Андрюшка ел, посапывая, и молчал. Он ни разу за восьмилетнюю жизнь свою не был тут, на моей родине, - что он думает?.. Я ждал, когда же сын спросит что-нибудь, - он не мог не спросить, - но Андрюшка молчал, ел много и жадно, проголодавшись за дорогу, я радовался его мужскому аппетиту - и ждал… Пообедав, снова тронулись в путь; и опять я ждал, а сын по-прежнему молчал, лишь крутил головой.

- Пап, а в этом пруду рыба есть? - неожиданно, когда я уже потерял надежду, спросил он, и от его голоса, потревоженные, взлетели утки. Они поднялись из-под прозрачно-розовых кустов краснотала, нависших над мерцающей водой, то лиловой, то аспидно-черной, с плавающими на ней багровыми, коричневыми, или уже темно-синюшными листьями.

- О, какие жирные! А в Боровом заказнике, куда Пал Палыч брал меня на охоту…

Сын смутился, не договорив. Павел Павлович - ему отчим, уже три года - новый муж моей бывшей жены. Он директор нефтебазы, кряжистый, с отличным здоровьем в свои пятьдесят, балагур и либерал, со всеми на "ты", короче - "современный деловой мужик, умеющий жить".

- Он брал тебя на охоту?

- Да. Ты знаешь, пап, он мне из ружья давал стрельнуть… и порулить на своей "Волге"… - захлебываясь, сообщает Андрюшка и опять останавливается; я поспешно отворачиваюсь: сын, верно, встретил мой взгляд…

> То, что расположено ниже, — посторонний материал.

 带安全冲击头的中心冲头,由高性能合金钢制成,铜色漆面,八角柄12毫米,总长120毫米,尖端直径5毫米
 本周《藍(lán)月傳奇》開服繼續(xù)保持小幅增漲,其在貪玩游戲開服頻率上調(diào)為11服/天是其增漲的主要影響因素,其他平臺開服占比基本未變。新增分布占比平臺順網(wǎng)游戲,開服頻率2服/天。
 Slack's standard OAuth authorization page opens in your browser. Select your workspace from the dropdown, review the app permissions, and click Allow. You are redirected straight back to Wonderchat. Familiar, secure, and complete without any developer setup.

- Вы с ним и в цирк ходили?

- Ходили. Я не хотел… Говорю, чего я там не видел, был два раза, а мать - иди, а то лыжи не куплю.

- Что ж там видели?

- Да-а… Собаки в футбол играли… То же самое, что с тобой… и по телевизору такое каждый день показывают.

- Я куплю тебе лыжи…

Сорвался откуда-то порыв ветра, подняв, закрутил тяжелые мертвые листья, пригнул к земле седой чакан, сморщил чистое лицо пруда; вместе с ветром прилетела бело-черная крачка, скользнула над потускневшей водой, над нами сделала круг, и тревожно, резким голосом, сказала о своей печали…

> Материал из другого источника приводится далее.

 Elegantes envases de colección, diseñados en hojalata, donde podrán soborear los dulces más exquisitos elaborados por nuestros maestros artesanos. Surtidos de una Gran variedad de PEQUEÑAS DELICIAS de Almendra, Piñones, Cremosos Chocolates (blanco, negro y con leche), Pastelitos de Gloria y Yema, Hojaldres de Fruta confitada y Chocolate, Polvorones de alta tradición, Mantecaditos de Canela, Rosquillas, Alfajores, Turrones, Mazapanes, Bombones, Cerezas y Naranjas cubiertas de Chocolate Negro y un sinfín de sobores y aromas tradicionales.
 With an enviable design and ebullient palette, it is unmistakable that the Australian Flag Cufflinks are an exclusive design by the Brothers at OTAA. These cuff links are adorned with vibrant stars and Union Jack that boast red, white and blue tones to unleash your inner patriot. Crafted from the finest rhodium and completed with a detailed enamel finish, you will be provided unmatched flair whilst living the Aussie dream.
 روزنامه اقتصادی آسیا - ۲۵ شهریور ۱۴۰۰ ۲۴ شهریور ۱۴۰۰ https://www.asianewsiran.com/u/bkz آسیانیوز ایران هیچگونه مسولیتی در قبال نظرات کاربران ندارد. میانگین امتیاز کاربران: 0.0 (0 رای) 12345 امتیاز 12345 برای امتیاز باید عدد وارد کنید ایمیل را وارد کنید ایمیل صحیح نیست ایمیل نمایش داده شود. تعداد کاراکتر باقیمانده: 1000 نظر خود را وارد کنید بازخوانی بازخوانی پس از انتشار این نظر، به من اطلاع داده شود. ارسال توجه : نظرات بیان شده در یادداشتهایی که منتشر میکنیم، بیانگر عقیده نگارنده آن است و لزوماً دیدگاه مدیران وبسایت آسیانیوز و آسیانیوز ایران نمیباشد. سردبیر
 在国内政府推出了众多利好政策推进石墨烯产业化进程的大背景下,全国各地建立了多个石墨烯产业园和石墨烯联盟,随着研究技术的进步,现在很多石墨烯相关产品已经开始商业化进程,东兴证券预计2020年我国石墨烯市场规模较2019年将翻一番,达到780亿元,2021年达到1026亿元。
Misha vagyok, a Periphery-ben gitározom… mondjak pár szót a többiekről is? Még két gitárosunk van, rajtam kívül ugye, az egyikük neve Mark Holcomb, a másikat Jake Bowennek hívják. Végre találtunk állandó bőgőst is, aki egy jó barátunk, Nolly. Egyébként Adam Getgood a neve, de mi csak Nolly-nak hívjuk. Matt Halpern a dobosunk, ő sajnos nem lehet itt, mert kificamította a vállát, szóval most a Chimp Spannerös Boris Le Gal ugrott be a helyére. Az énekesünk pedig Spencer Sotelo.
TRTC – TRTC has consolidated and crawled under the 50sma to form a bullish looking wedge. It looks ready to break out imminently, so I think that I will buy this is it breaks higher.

- А ты не считал, сколько лет Пал Палычу, даже с его директорской зарплатой, пришлось не есть, не пить, не одеваться, чтоб купить "Волгу"? Ты думал когда-нибудь над тем, откуда берутся у вас на столе балыки, когда в магазине их нет?..

- Думал, - отвечает сын, потупившись; и вдруг еле слышно говорит: - А кто этот дед Андрей, к которому мы идем? Расскажи про него…

* * *

Было Вербное. Бабка Оля блинов напекла, сложила их на столе в стопку; поставила две чашки: одну со сметаной, другую с топленым коровьим маслом.

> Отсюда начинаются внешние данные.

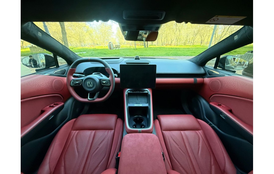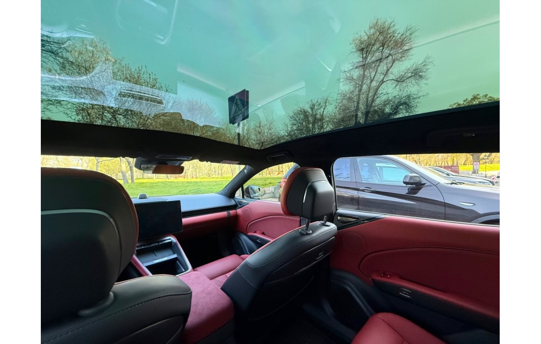 ZEEKR 007 GT усередині сприймається як сучасний гран-турер: водійська зона зроблена «під себе» — зі зручною посадкою, продуманою центральною консоллю та спортивним кермом із фізичними кнопками, щоб керувати функціями без зайвих відволікань. Цифрова частина також на рівні флагмана: окремий екран панелі приладів і великий центральний OLED-дисплей створюють відчуття швидкого та зрозумілого інтерфейсу, а проєкційний дисплей і голосовий асистент допомагають тримати увагу на дорозі.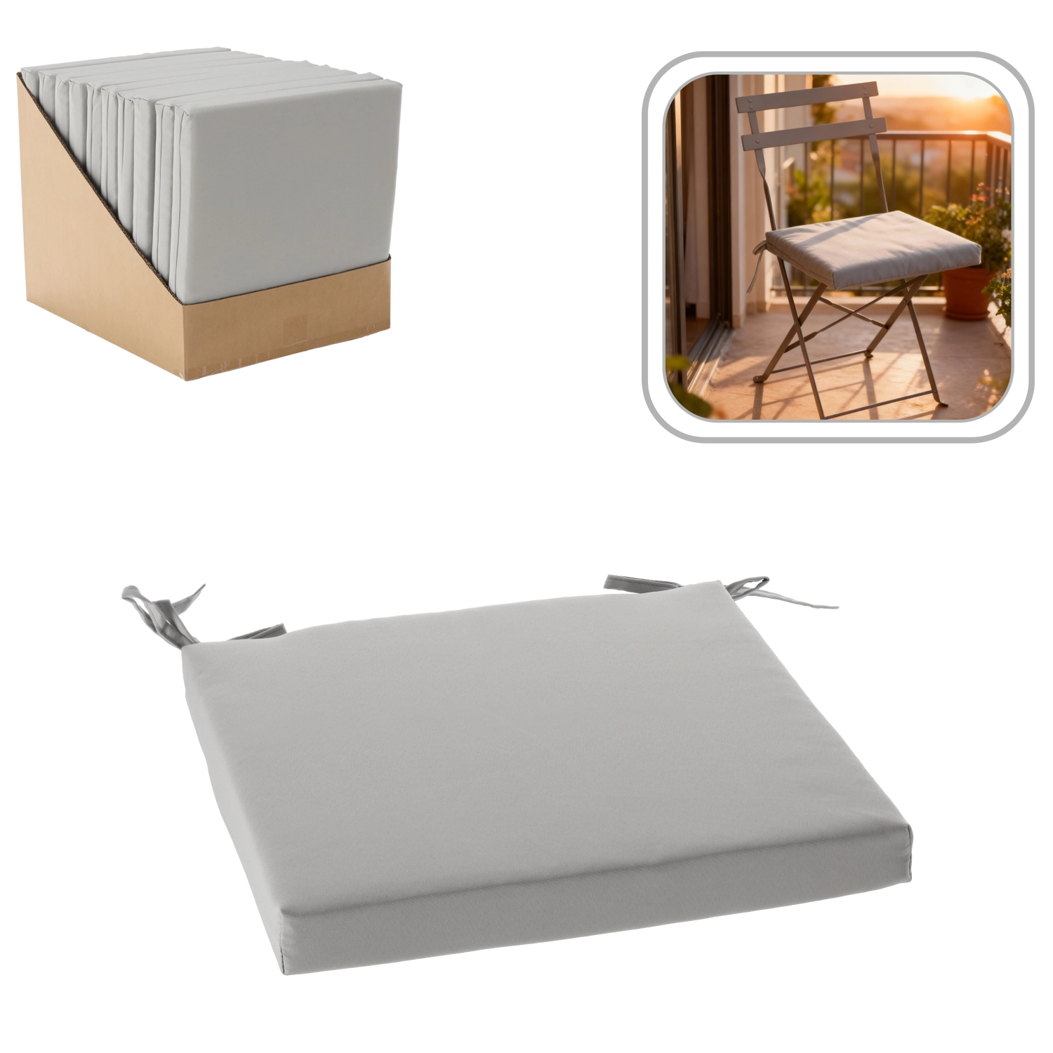 Unaprijedite svoje stolice elegantnim jastučićem 40 × 40 × 5 cm u svijetlosivom tonu. Zahvaljujući mekom podstavljanju pruža dugotrajnu udobnost, dok vodoodbojna navlaka od 100% poliestera olakšava održavanje u kuhinji, blagovaonici i na balkonu.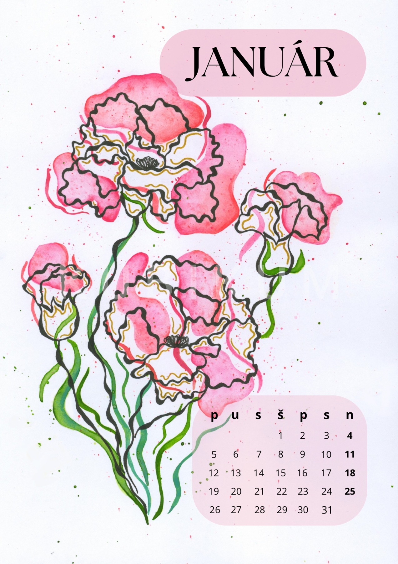 Kalendár som robila kombinovanou technikou. Použila som akvarelové farby a čierne fixky. Následne som prácu upravila vo photoshope.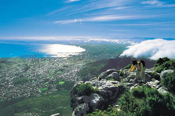 桌山相当于开普敦的屋顶。从地形上看,仿佛在桌湾背后默默护卫着开普敦。“桌山”的名字源于它的形状。仿佛被整齐地切断山腰一样,山顶非常平坦。也有人说像生日蛋糕。到山顶可以坐缆车。站在山顶欣赏海岸风景是一种享受。
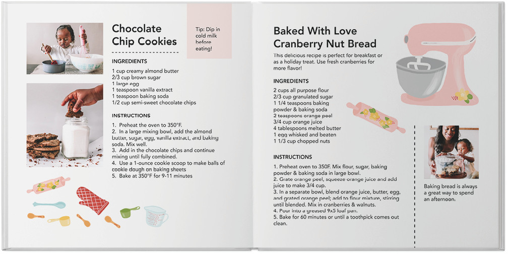 Get cooking with this fun recipe style! Whimsical hand-painted embellishments and type will make all your favorite recipes - from savory appetizers to delicious desserts - come to life. Perfect as a keepsake in your own kitchen or for gifting to friends and family. Endless possibilities - all layouts, embellishments, text and elements are fully customizable.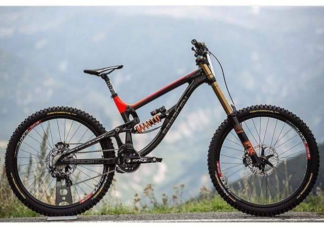 - A 2015 Saracen Myst Downhill race bike – black, white and red in colour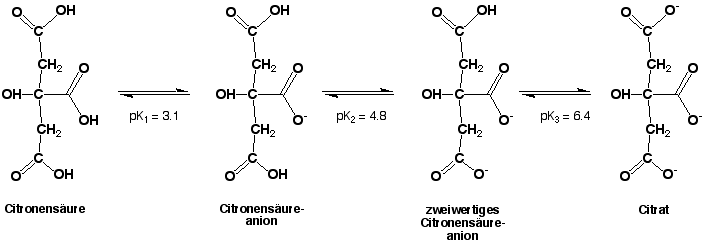 Citronensäure ist eine dreibasige Carbonsäure bzw. eine Tricarbonsäure. Citrat bildet sich im Citratzyklus aus Oxaleacetat und Acetyl-Coenzym A.

День выдался солнечный - впервые за долгое время. От воды, что стояла в ведрах у печи, на лавке, плясали по потолку ясные блики, из сенец, - когда бабка зачем-либо выходила - несло оттаявшей горьковатой пылью, сырое дерево кислило спиртом; телок тогда, привязанный у самых дверей, рвался за бабкой следом, натягивал узловатую веревку, досадливо, норовисто мычал; Ванюшка тоже подбегал к порогу, ловил, трепеща ноздрями, волнующие запахи, переступал с ноги на ногу на сыром глиняном полу. Бабка всякий раз прогоняла его.

- Застудишься! Уходи! И что ему на печи не сидится?.. Поигрался бы чем… Радиву послухал…

- Надоело! И есть хочу… Дай блин!

- Вот я тя счас накормлю!.. Неслух! Отец придет - все расскажу, какой ты…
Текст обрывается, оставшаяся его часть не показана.